In OWNERSHIP GRANTED check operation 512, a determination is made
whether or not ownership of the data line from shared L2 cache is
granted based on the request response received in operation 510. In
one embodiment, when the request response received in operation 510
does not grant the ownership request, e.g., denies the ownership
request ("NO"), from OWNERSHIP GRANTED check operation 512,
processing transitions to EXIT operation 520, with processing
exiting method 500.
Alternatively, in one embodiment, when the request response
received in operation 510 grants the ownership request ("YES"),
from OWNERSHIP GRANTED check operation 512, processing transitions
to a RECEIVE DATA LINE FROM SHARED L2 CACHE operation 514.
In RECEIVE DATA LINE FROM SHARED L2 CACHE operation 514, in one
embodiment, the data line is received from the shared L2 cache,
e.g., from shared L2 cache 220. From RECEIVE DATA LINE FROM SHARED
L2 CACHE operation 514, processing transitions to an INSTALL DATA
LINE IN L1 CACHE operation 516.
In INSTALL DATA LINE IN L1 CACHE operation 516, the data line
received in operation 514 is installed in a data store of the L1
cache. For example, the data line received in operation 514 is
stored in D cache data store 214 [0] (FIG. 2). From INSTALL DATA
LINE IN L1 CACHE operation 516, processing transitions to a
GENERATE ENHANCED L1 CACHE DIRECTORY ENTRY operation 518.
In GENERATE ENHANCED L1 CACHE DIRECTORY ENTRY operation 518, in one
embodiment, an L1 cache directory entry associated with the data
line is generated in a directory of the L1 cache. For example,
enhanced L1 cache directory entry 236 is generated in D cache
directory 216 [0] indicating the storage of the data line in D
cache data store 214 [0].
More particularly, referring now again to FIG. 4, an enhanced L1
cache directory entry, such as enhanced L1 cache directory entry
236, is generated in which owned field 302 indicates L1 cache 204
[0] has ownership of the data line.

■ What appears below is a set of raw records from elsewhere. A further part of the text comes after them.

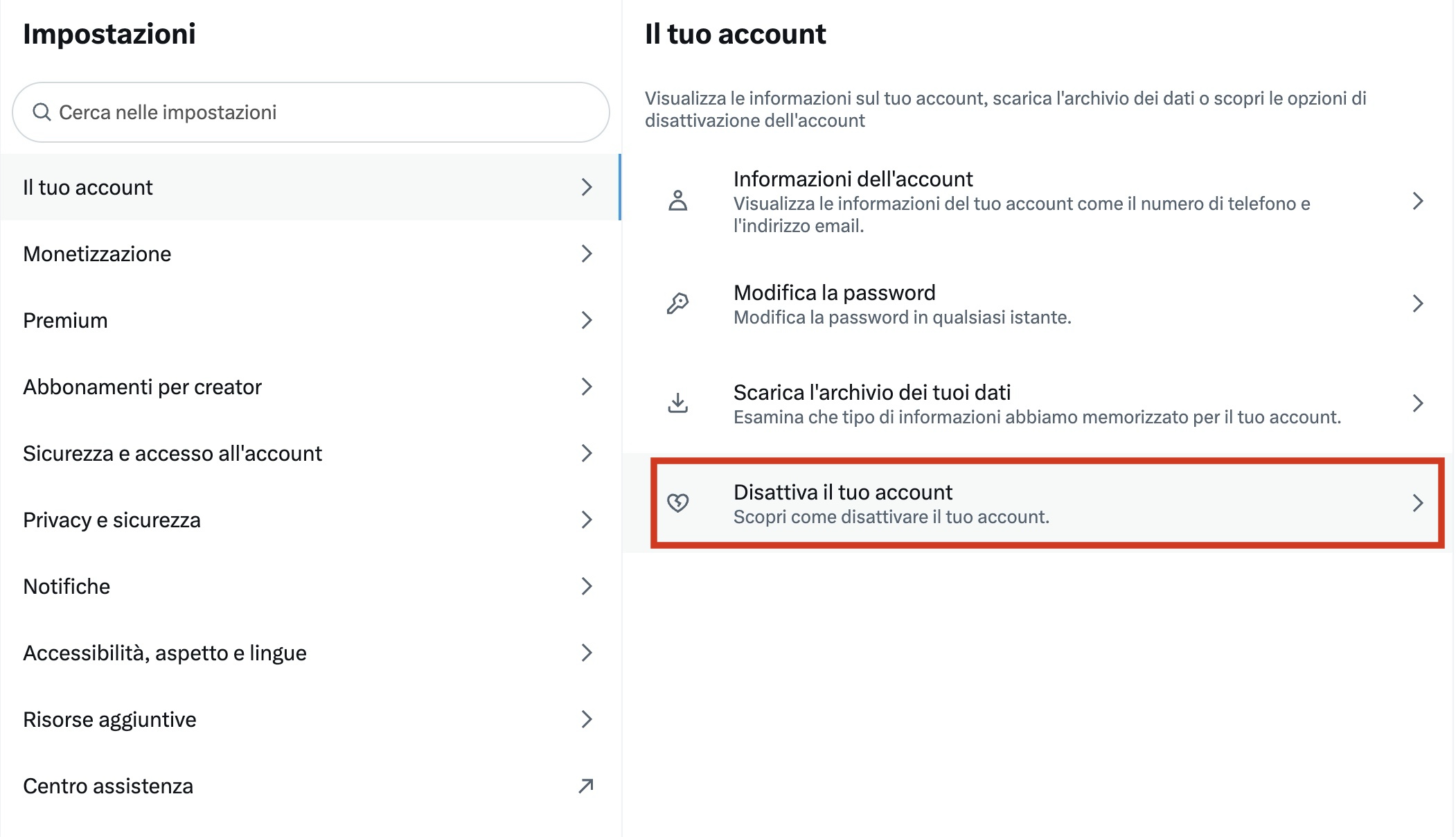 Una disattivazione è per sempre. Non è quindi una decisione da prendere alla leggera. Rifletti attentamente sui motivi per cui hai deciso di andartene e su cosa potrebbe significare per te non essere più presente su Twitter/X. Ricorda inoltre che i tuoi dati rimarranno in possesso di questa società fino a 18 mesi dopo la tua partenza. Leggi l’informativa sulla privacy di X per saperne di più sulla politica di privacy adottata, inclusi i dati raccolti su di te. Tieni inoltre presente che, sebbene le tue informazioni non siano più ricercabili su Twitter, potrebbero comunque essere state indicizzate da motori di ricerca come Google o Bing. I fantasmi dei tuoi tweet e post potrebbero tornare a perseguitarti.
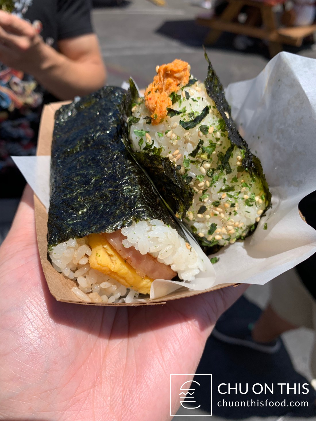 I’ll fully admit that I’m a bit of a sucker for Spam musubi, so that was definitely going to be one of the two that I ordered. The change-up this time was that I was going to add tamago to it, which is a Japanese-style grilled egg. For my second one, I decided to jump over to the seafood ones just to have some variety. Spicy tuna ended up being the one to make the final cut.
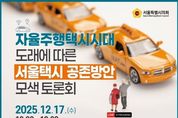 서울복지타임즈 이재연 기자 | 서울특별시의회 교통위원회(위원장 이병윤, 국민의힘, 동대문1)는 2025년 12월 17일 10시, 서울시의회 의원회관 제2대회의실에서 “자율주행택시시대 도래에 따른 서울택시 공존방안 모색 토론회”라는 주제로 토론회를 개최했다. 서울시의회가 주최하고 교통위원회가 주관한 이번 토론회는 이병윤 교통위원장 개회사로 시작됐으며 김동완 서울특별시택시운송사업조합 이사장의 축사와 함께 문성호 서울시 의원이 사회를 맡았다. 자율주행택시에 대한 주제 발제는 한국개발연구원(KDI) 김동영 전문연구원이 진행했으며, 이어지는 토론에서는 이경숙 교통위원회 부위원장이 좌장을 맡아 논의를 이끌었다. 토론자로는 김거중 한국교통연구원 부연구위원, 장정아 아주대학교 연구교수, 이우영 HC택시 대표이사, 박준환 국회입법조사처 팀장, 정준호 서울시 의원, 손형권 택시정책과장이 참여하여 토론이 진행됐다. 이 날 토론회에서는 자율주행 시대의 도래에 발맞춰 택시 산업의 지속 가능한 발전을 위한 준비가 필요하다는 데에 공감대를 형성했다. 아울러 기존 택시 시장과 첨단기술이 상생할 수 있는 자율주행 서비스 도입 방안을 모색하고
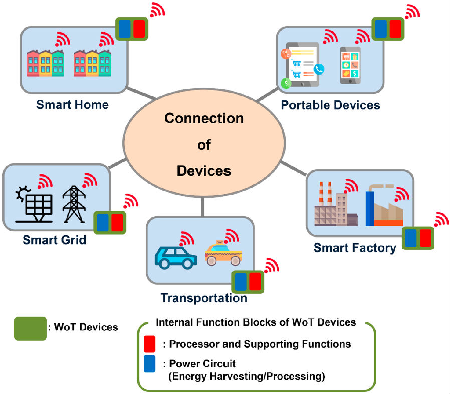 采用先進的功率處理電路的技術已用于許多應用的持續增長,例如無線傳感器網絡,的IoT裝置,和家用電器。為了實現真正的物聯網(WoT)環境,需要用于各種連接設備的可靠電源電路。如圖1所示,此類設備內部的電源電路執行能量收集和功率處理,以使這些設備可操作并連接至WoT。此類WoT設備的處理器和發射器可以利用電源電路收集和處理的能量成功運行。由于電源電路和不同類型的電源都在WOT裝置,它們的設計工程師不應忽視的功率電路(例如,能量采集接口)對系統性能的因素的影響,如可靠性,成本和效率。本文考慮的用于WoT應用的電源示例包括電池和太陽能電池。為了使不同電源有效且高效地運行,系統設計人員應考慮WoT設備中使用的電源電路的可靠電路控制策略和電源管理算法。
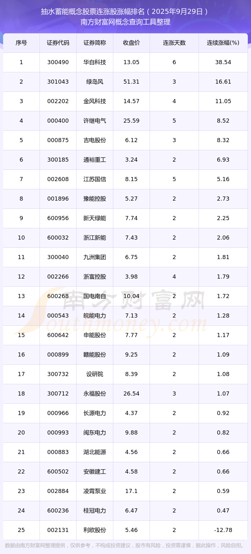 2025年9月29日抽水蓄能概念股票連漲股漲幅排名
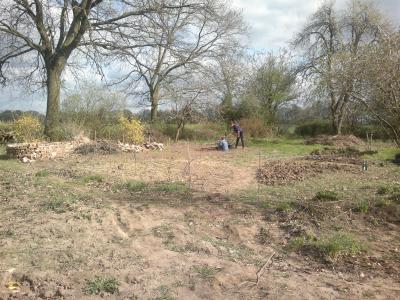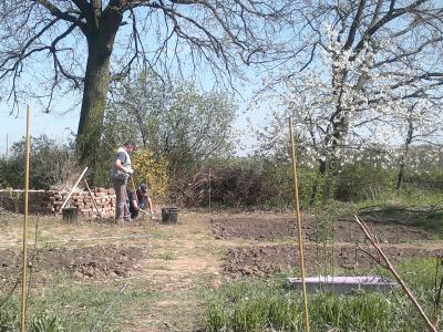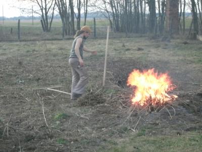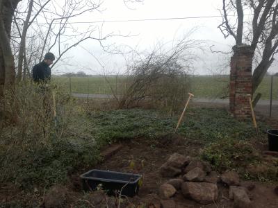 Wieland hat die gesamte Hoffläche von alten Pflanzenresten und dem trockenen Gras vom Vorjahr befreit und dabei zwei Tage lang Feuer und Qualm gemacht. Zusätzlich hat er begonnen im Garten ein Hochbeet anzulegen. Er nimmt dazu die alten Ziegelsteine, die überall auf dem Gelände zu finden sind.
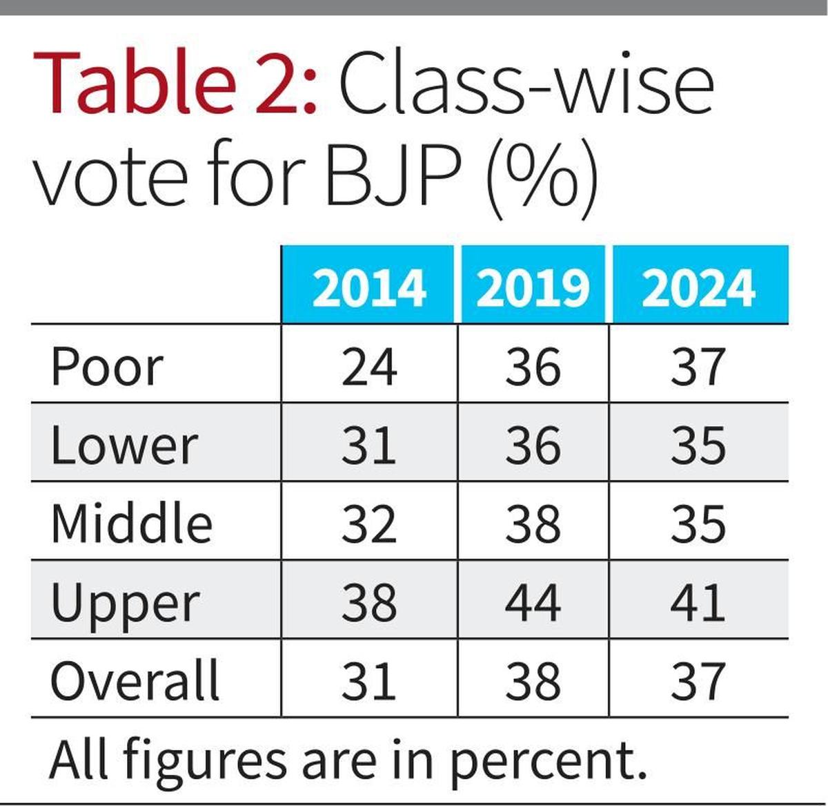 In the 2014 and 2019 Lok Sabha elections, the gap between the poor and the rich with regard to their support for the BJP was very wide — that is, more among the rich and middle class voted for the BJP compared to the those belonging to the poor and lower class. But in 2024, this gap has narrowed significantly. This is mainly because of the steady rise in the vote of the poor in favour of BJP.
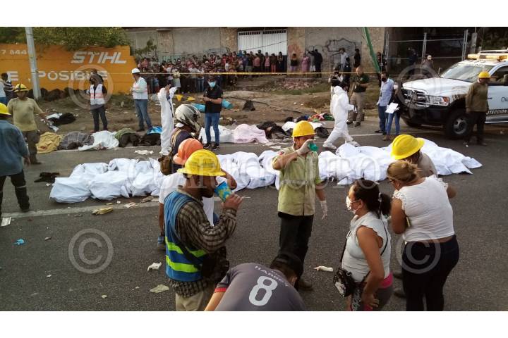 TUXTLA GUTIÉRREZ, CHIAPAS, 09DICIEMBRE2021.- Un tráiler que transportaba en su caja migrantes de manera ilegal se quedó sin frenos volcando en la carretera Chiapa de Corzo, a la altura de la colonia El Refugio. Autoridades estatales han confirmado 49 muertes y al menos 50 heridos, tres de ellos de gravedad. FOTO: CUARTOSCURO.COM
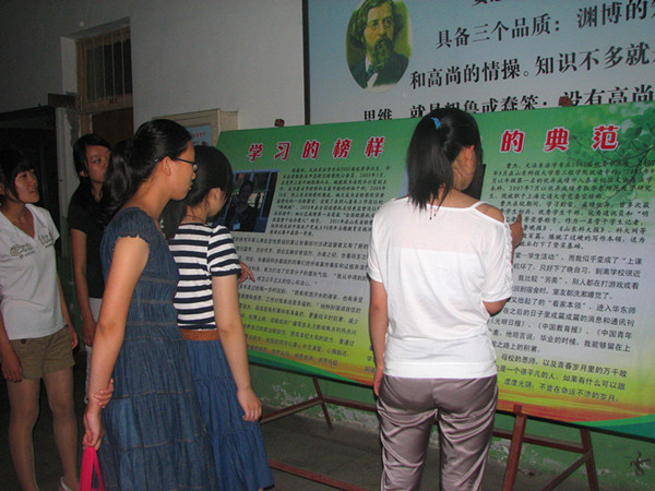 为了继续加强先进典型的宣传学习活动,5月3日下午,文法系将优秀毕业生张春丽与曹杰同学的优秀事迹用展板的形式进行宣传并组织教育学习活动。
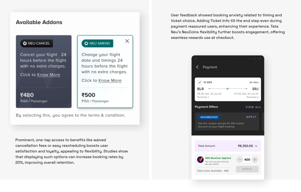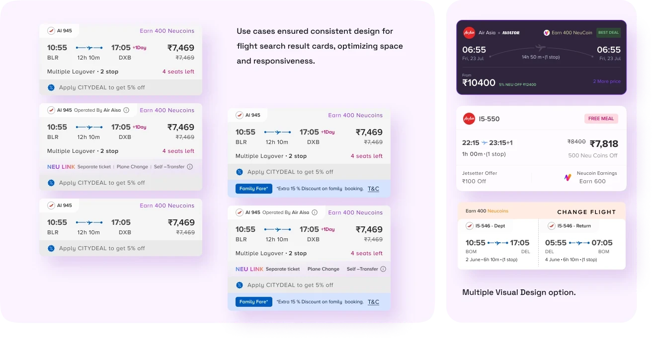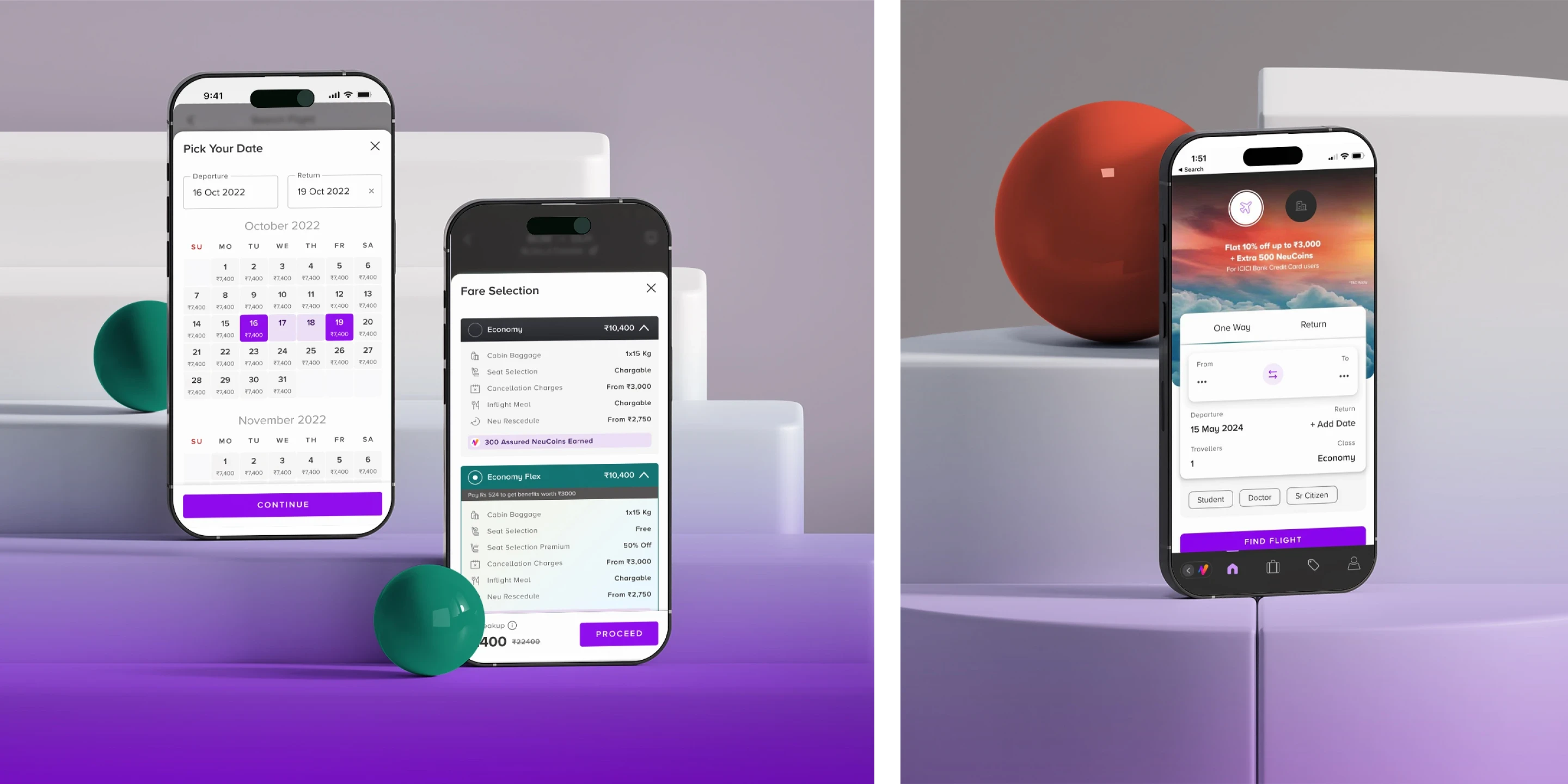 I contributed to TataNeu's End-to End flight booking experience and integrated designs for 35M* Neu Pass rewards members while aiding Product development.

For example, the value stored
in owned 302 is set to one (1) indicating ownership of the data
line by L1 cache 204 [0]. From GENERATE ENHANCED L1 CACHE DIRECTORY
ENTRY operation 518, processing transitions to EXIT operation 520
with processing exiting method 500.
FIG. 8A illustrates an example of an enhanced L1 cache directory
entry 802A and an example of an enhanced L2 cache directory entry
812A prior to an L1 cache receiving ownership of a data line in
accordance with one embodiment of the invention. More particularly,
in one embodiment, FIG. 8A illustrates an example of an enhanced L1
cache directory entry 802A and an example of an enhanced L2 cache
directory entry 812A prior to the associated L1 cache, for example,
L1 cache 204 [0], requesting ownership of a data line.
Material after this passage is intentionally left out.